Help... Springs next.???


#1

Double Duty/SE30 build.
87 325is has on board now…
Susp - Tokico Red lowering springs & HP blues in rear, OE/Boge in front, IE maxi fixed (-1.25) camber plates.
Mounts - Vorshlag Poly engine & UUC Reds w/enforcers Tranny.
Wheels/Brakes - Basketsweaves w/RA1’s, HT 10’s

Ordering soon/today.
AKG 75D - Diff mt, Subframe, offset front control & Rear Camber/Toe Correction Kit
OE - RTAB’s.

Questions are…

Should I use the OE rubber RTAB’s or urethanes? It appears the OE ones allow better movement for the camber/toe kit.
I can’t swing both the Bilsteins and H&R’s right now. I’m thinking the springs would be nice first to get ride hgt and such so I can get the alignment set. Ok to run the H&R’s with these shocks?

Your thoughts…
Thanks!
Will


#2

I’ve read a number of posts re. the camber/toe kit and I think that there’s a slim majority of folks using the softer OEM rtab bushings with it for their greater compliance. I don’t think there’s really a consensus on the issue. IMO most folks that have done the kit are happy with it. Some had binding problems tho.


#3

Thx Ranger… Think I’ll try the oe ones first.
What are your thoughts on the springs now, bilsteins later???
Will it be an issue… Bottom out on damper tubes? Blow them out as too lowered?
Thanks!


#4

If I couldn’t do springs and shocks at the same time, and if the shock on the car are still good, I’d do the springs first. Understand that th shocks on the car migh be a bit under damped for the race springs and they may not last long.


#5

“Under damper” Not designed for that low, seals will blow?

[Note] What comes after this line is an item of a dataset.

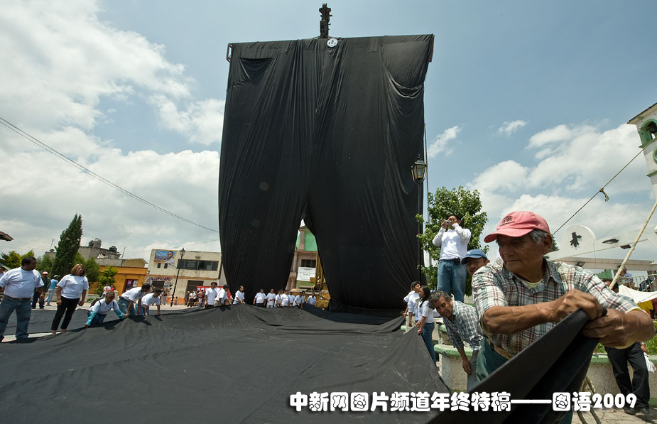最長的褲子:6月14日,墨西哥人在墨西哥州的阿爾莫洛亞展示一條60.1米長的褲子,打破最長褲子的吉尼斯世界紀錄。圖片來源:中國新聞網

Anyone have a used set of spec race springs?


#6

Not to mention that when you install the front springs you are only one step away from swapping out the strut. It makes sense to do them at the same time so you don’t have to pull it all apart twice.


#7

I agree. I wouldn’t do either until you can afford both. It is quite a pain in the ass to change the front struts on these cars since the strut doesn’t come out of the hub like 95% of cars. I looked for used suspension before I bought mine, and I didn’t find any.


#8

Wasn’t to bad when I put my IE maxi fixed camber plates… Of course, on there are tokico lowering springs which helped.
Bushings, brakes, RA-1’s have really put a dent in the garage coffee can :frowning:
Used will do for now…


#9

NASA144 wrote:

It isn’t the height as much as the spring rates. Race springs have a lot higher rate than what you have on the car now. To prevent bouncing of the wheel the shock/strut has to have higher damping.

As an FYI, Tokico springs rates are 165 front and 265 rear. H&R Race springs are 315 front and 570 rear. The race springs rate are twice what you have on the car now and really need shock/struts valved for the higher spring rates.


#10

I agree… bad idea on springs only. Looks like next spring for the H&R/Bilsteins, unless a good set of used ones come up :slight_smile:

thanks guys!


#11

Everything at once is best. If you want to be on the track before you can afford doing the whole car I would do brakes, then suspension, and then wheels and tires.


#12

Well… I’m not looking to race till end of next year (hopfully), but I need a ride for DE4.